Stored records:
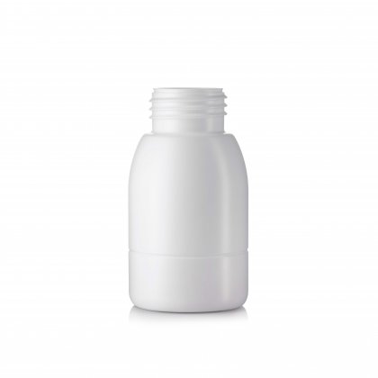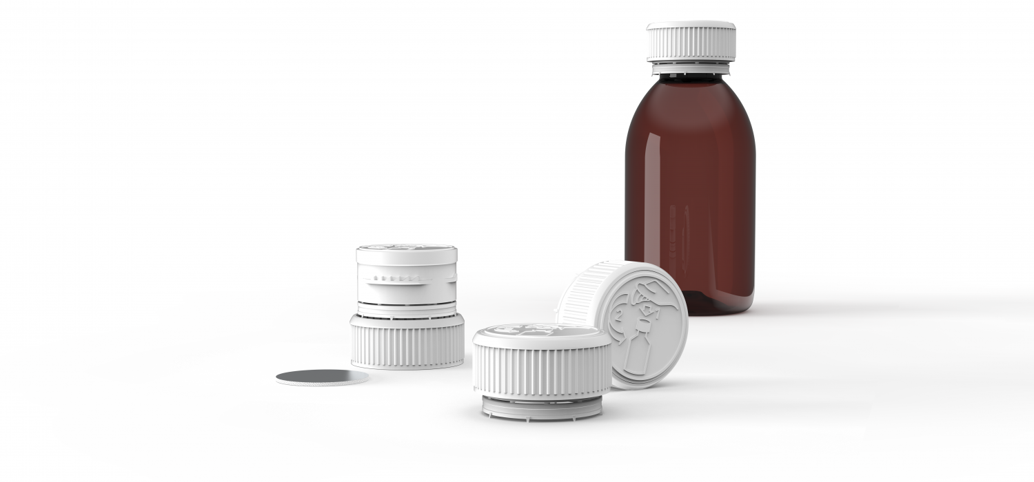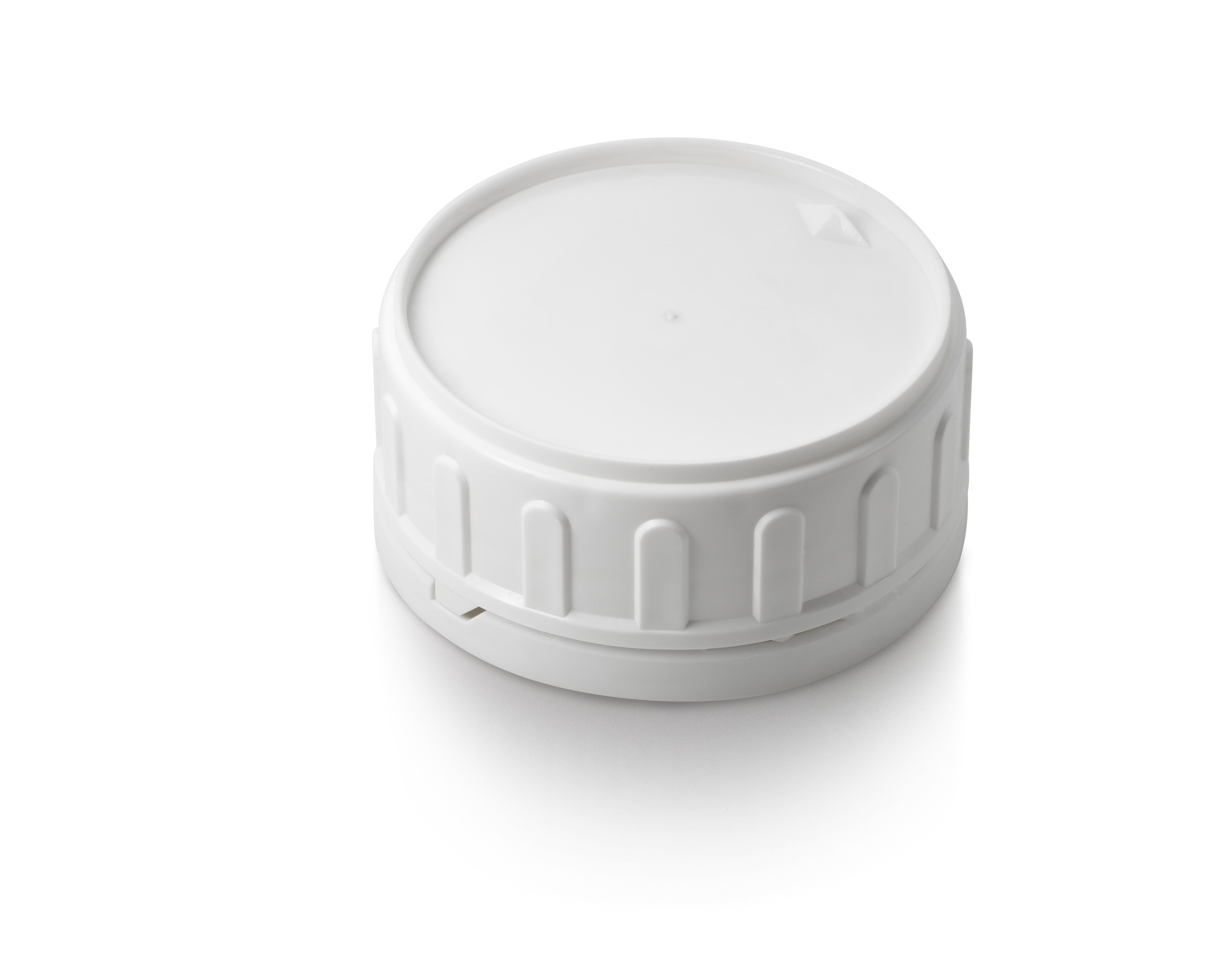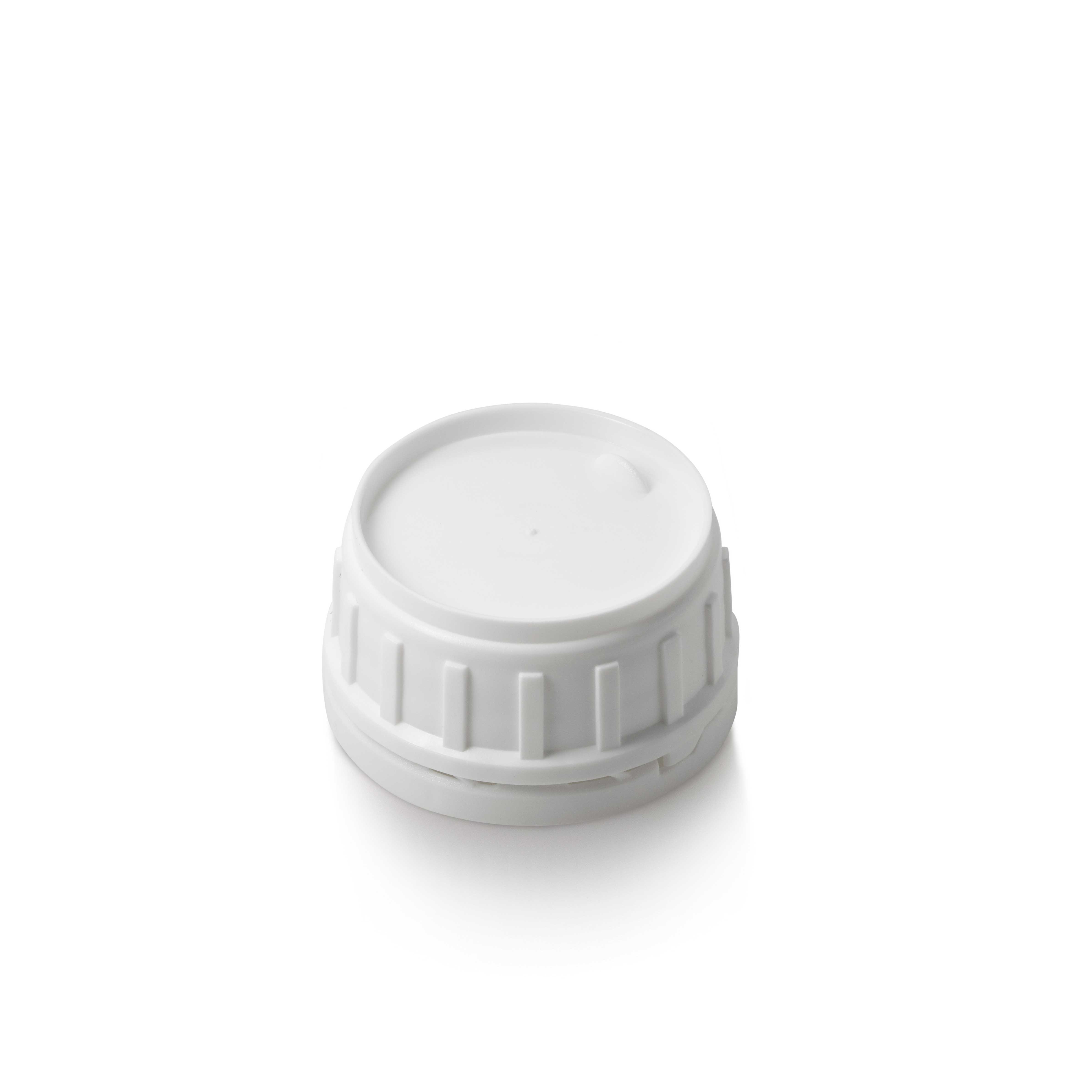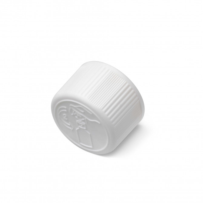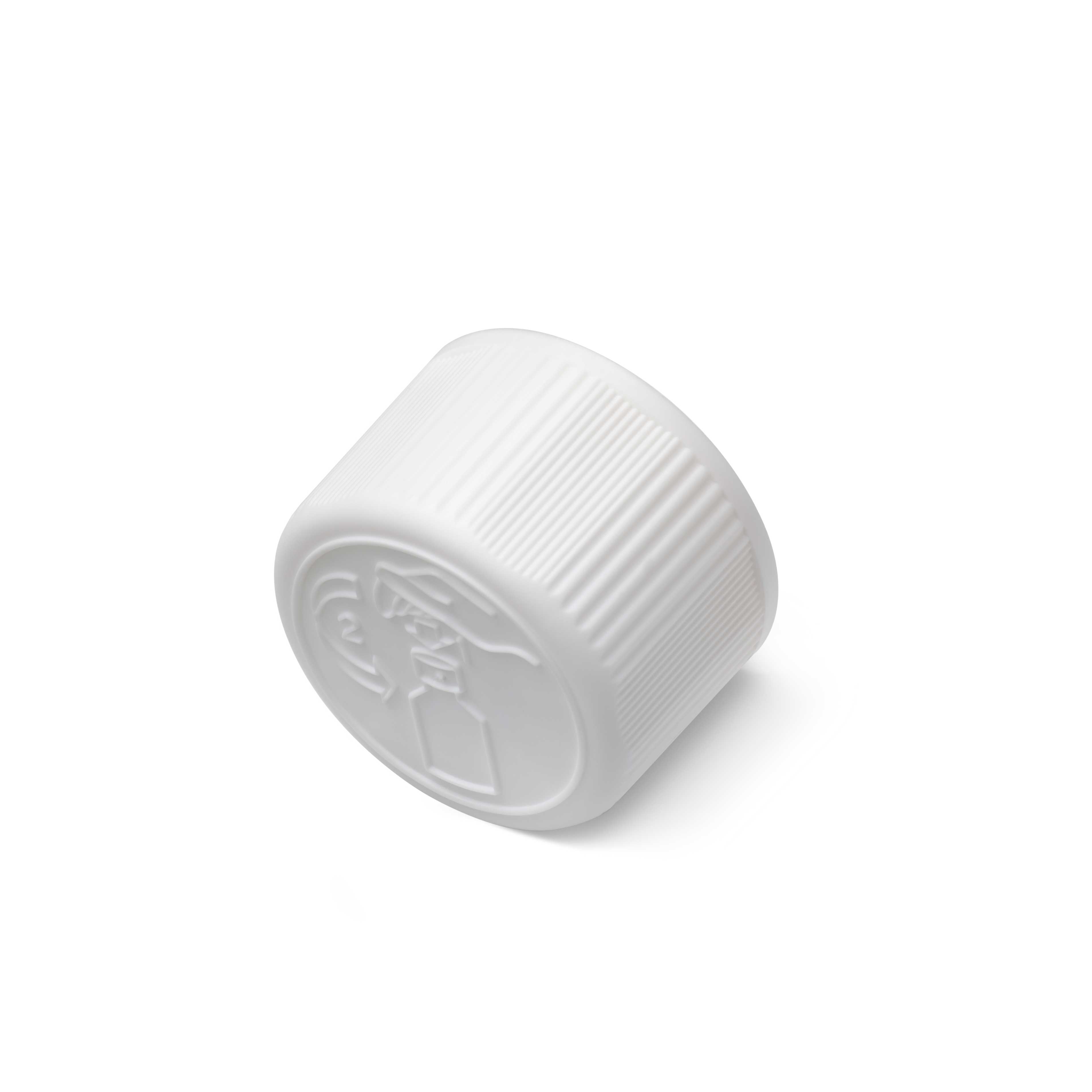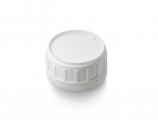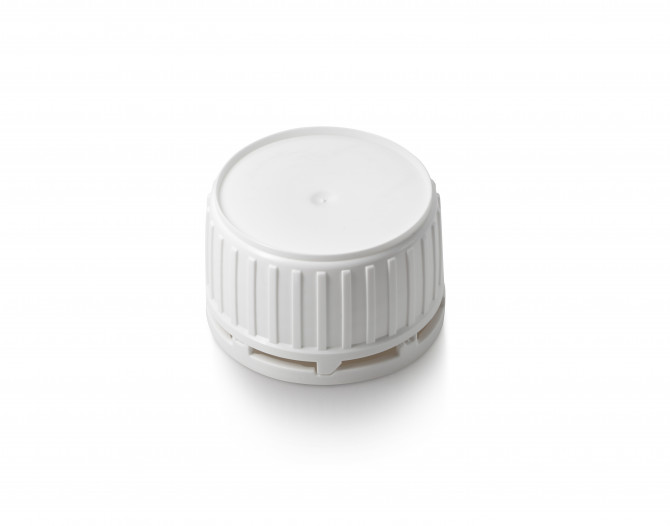 The child-resistant closure (CRC) of 28 mm diameter is available in white. The safety ring is available in different colours upon request. The closure fits PET and PE bottles and has an I.S. liner.
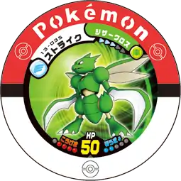 Scyther (Japanese: ストライク Strike) is a Pokémon Battrio puck. It is part of the Challenging the Myths expansion.
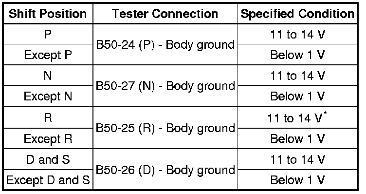 (c) Turn the ignition switch to ON, and measure the voltage according to the value(s) in the table below when the shift lever is moved to each position.
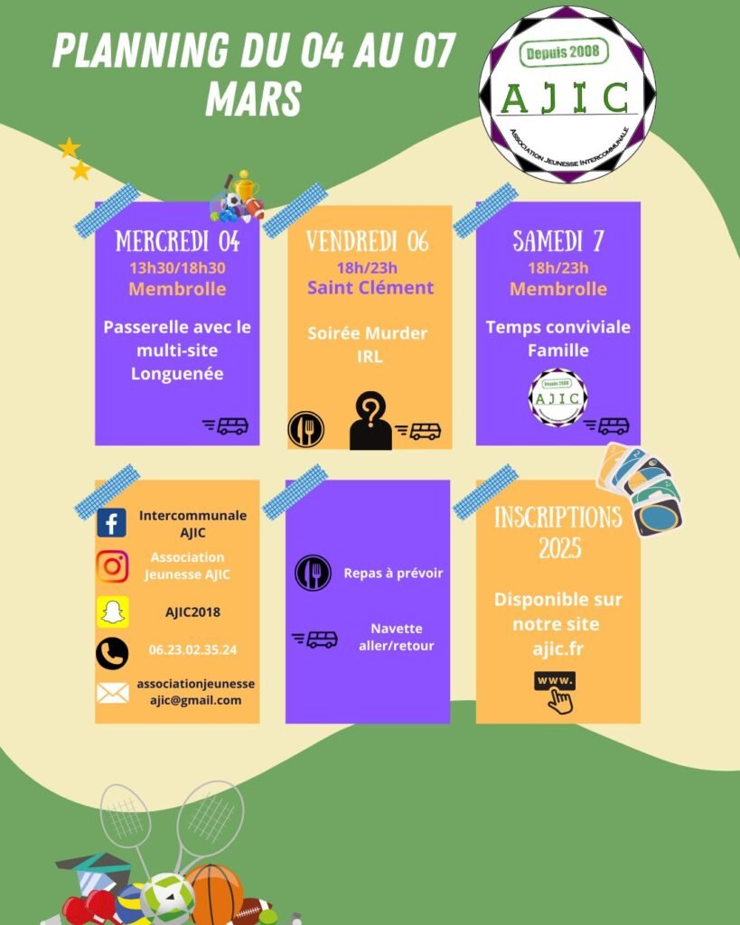 👉 Très important : les inscriptions ouvrent le Mercredi 25 Février à partir de 10h.
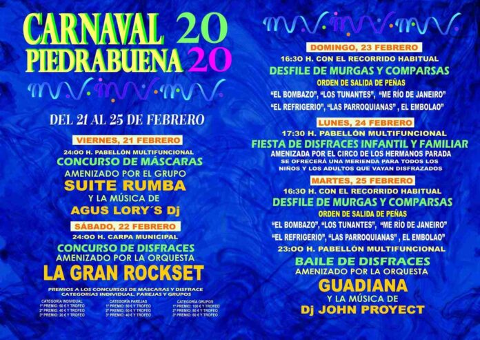 De este modo, este viernes, 21 de febrero, a media noche, comenzará el Concurso de Máscaras en el Pabellón Multifuncional donde habrá premios en categoría individual, parejas y grupos, todo ello amenizado por el grupo “Suite Rumba” y la música del Dj Agus Lory’s. De esta manera, el Ayuntamiento reconocerá el esfuerzo de los participantes con premios dotados con 60, 40 20 euros y trofeo para los disfraces individuales; con 80, 60 y 40 euros y trofeo en la categoría de parejas y 100, 80 y 60 euros con trofeo, en la de grupos.
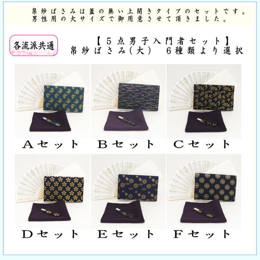 〇【茶器/茶道具 茶道初心者用 男子用/男性用】 5点男子入門者セット (二折れ帛紗ばさみ(外入) 大 クリアケース入物付) (各流派)
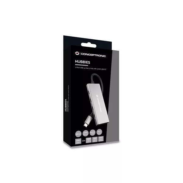 Conceptronic USB Hub - HUBBIES17G (4 Port, USB-C to 4x USB-C+3x USB-A, szürke)
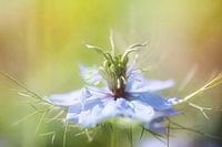 Een schilderachtige opname van een Juffertje-in-het-groen gevangen in het zonlicht.
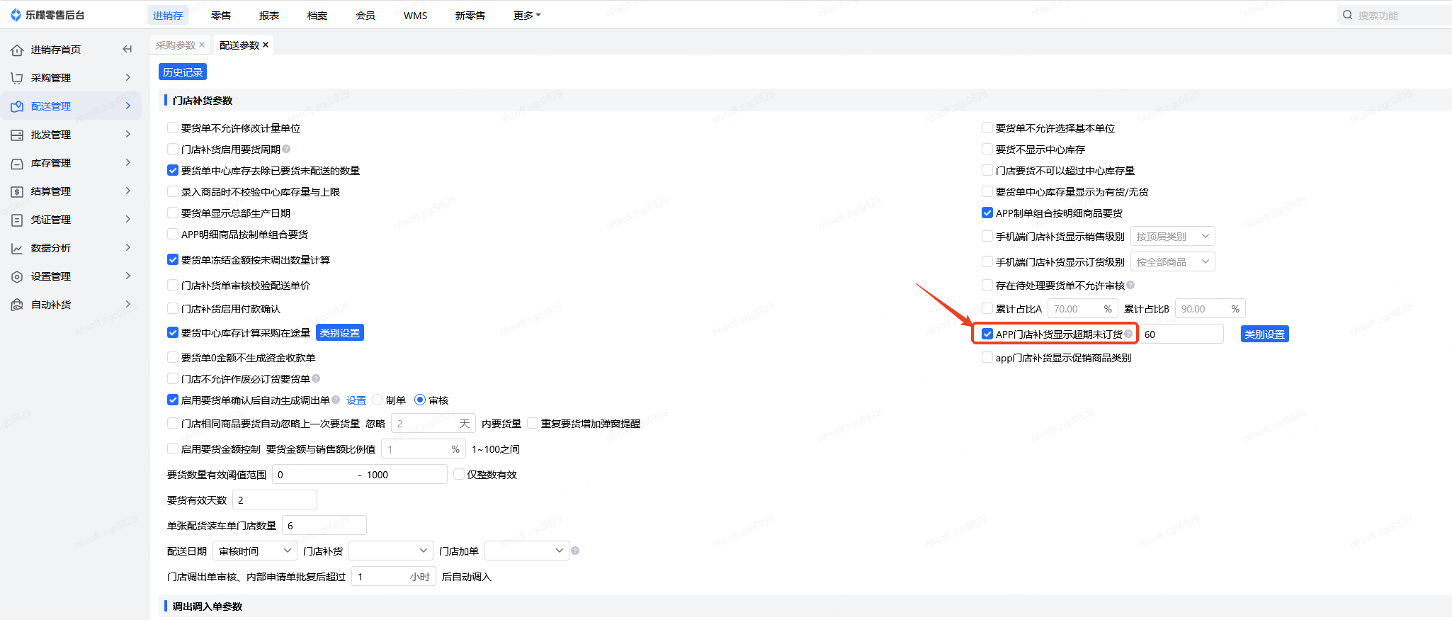 👉【操作路径】:进销存-配送管理-配送参数-app门店补货显示超期未订货

**Your instructions:** Your reply should hold only the lines from the one that contains "De este modo, este" through the last line of the records above, exact and complete, and no pictures.

**Your solution:**
 De este modo, este viernes, 21 de febrero, a media noche, comenzará el Concurso de Máscaras en el Pabellón Multifuncional donde habrá premios en categoría individual, parejas y grupos, todo ello amenizado por el grupo “Suite Rumba” y la música del Dj Agus Lory’s. De esta manera, el Ayuntamiento reconocerá el esfuerzo de los participantes con premios dotados con 60, 40 20 euros y trofeo para los disfraces individuales; con 80, 60 y 40 euros y trofeo en la categoría de parejas y 100, 80 y 60 euros con trofeo, en la de grupos.
 〇【茶器/茶道具 茶道初心者用 男子用/男性用】 5点男子入門者セット (二折れ帛紗ばさみ(外入) 大 クリアケース入物付) (各流派)
 Conceptronic USB Hub - HUBBIES17G (4 Port, USB-C to 4x USB-C+3x USB-A, szürke)
 Een schilderachtige opname van een Juffertje-in-het-groen gevangen in het zonlicht.
 👉【操作路径】:进销存-配送管理-配送参数-app门店补货显示超期未订货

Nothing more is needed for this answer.